2680. — À M. G.-C. WALTHER.
Colmar, 13 janvier 1754.

J’ai reçu ce matin votre lettre du 23 décembre, avec le paquet de la prétendue Histoire universelle, imprimée chez Jean Néaulme, à la Haye. Il prétend avoir acheté ce manuscrit cinquante louis d’or d’un domestique de monseigneur le prince Charles de Lorraine. C’est un ancien manuscrit très-imparfait que j’avais pris la liberté de donner au roi de Prusse sur la fin de 1739, dans le temps qu’il était prince royal. Cet ouvrage ne méritait pas de lui être offert ; mais comme il s’occupait de toutes les sortes de littérature, et qu’il me prévenait par les plus grandes bontés, je ne balançai pas à lui envoyer cette première esquisse, tout informe qu’elle était. Il me manda depuis qu’il avait perdu ce manuscrit à la bataille de Sohr, dans son équipage, dont les housards autrichiens s’étaient emparés.

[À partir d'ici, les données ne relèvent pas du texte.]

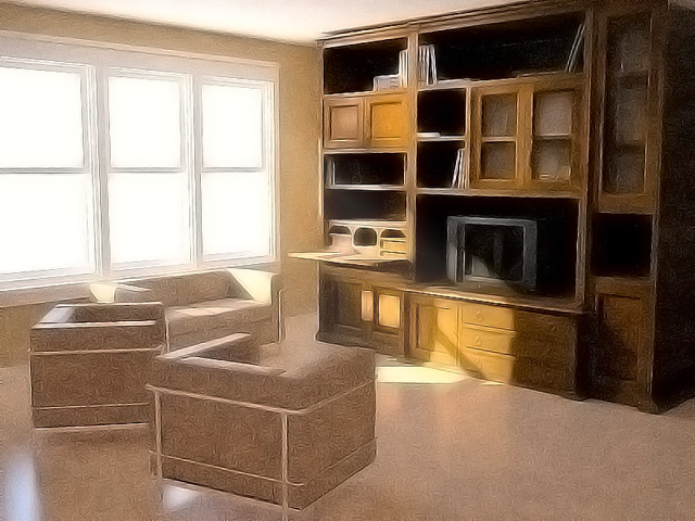 Interior salón. Destaco: el tiempo de modelado, apenas 20min, el tiempo de texturas e iluminación, apenas 10 min, tiempo de render, aproximadamente. 1 hora (sin duda le faltaba alguna más, pero bueno, no deja de ser una prueba) postprocesado, unos 10 min. Conclusión: trabajo poco tiempo, hace el trabajo duro el ordenador.
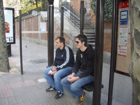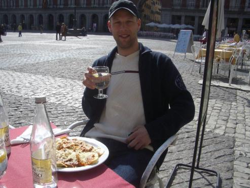 Wir marschierten die Gran Via entlang. Dies ist die Hauptstarße zwischen Plaza de Espana und Calle de San Bernado. Hier haben sich vor allem Restaurants, Schuh- und Modegeschäfte angesiedelt. Über kleine Gassen kämpften wir uns westwärts bis zum Palacio Real. Von dort waren es dann nur noch 15 Minuten bis zu unserem Hotel, das gegenüber dem Hauptbahnhof Estacion de Principe Pio steht. Wir duschten uns, was auch wieder einmal nötig war. Dannach gingen wir wieder Richtung Plaza Mayor, wo wir in einem kleinem Restaurant Paella aßen. Meine Kumpels entschieden sich für eine Fischpaella und ich nahm Gemüsepaella. Da wir doch etwas geschafft vom Tag waren, ging es bald wieder zurück ins Hotel, damit wir morgen wieder fit sind für die "Schönheiten" dieser Stadt.

C’est ce manuscrit, très-défectueux par lui-même, qui vient de paraître en Hollande, et dont on a fait deux éditions à Paris. Jamais ouvrage n’a été imprimé d’une manière si fautive. Les omissions, les interpolations mal placées, les fautes de calcul, les noms défigurés, les fausses dates, rendent le livre ridicule. Il est de plus intitulé Abrégé de l’Histoire jusqu’à Charles-Quint, et il ne va que jusqu’au roi de France Louis XI. Tous les autres manuscrits, qui sont en grand nombre, sont beaucoup plus amples et très-différents. J’avais absolument abandonné ce grand ouvrage, parce que j’ai perdu depuis longtemps la partie qui était pour moi la plus intéressante : c’est celle des sciences et des arts. Il me faudrait une année entière pour finir cette grande entreprise, et il faudrait que j’eusse le secours d’une grande bibliothèque comme celle de Paris ou de M. le comte de Bruhl. Il me faudrait encore de la santé. Voilà bien des choses qui me manquent. Je ne sais s’il est de votre intérêt de vous charger d’une nouvelle édition de l’Histoire imparfaite de Jean Néaulme, dont le public est inondé ; mais en cas que vous persistiez dans ce dessein, je vais travailler sur-le-champ à un ample errata : peut-être que les objets intéressants qui sont traités dans cet ouvrage, paraissant avec plus de corrections, vous procureront quelque débit.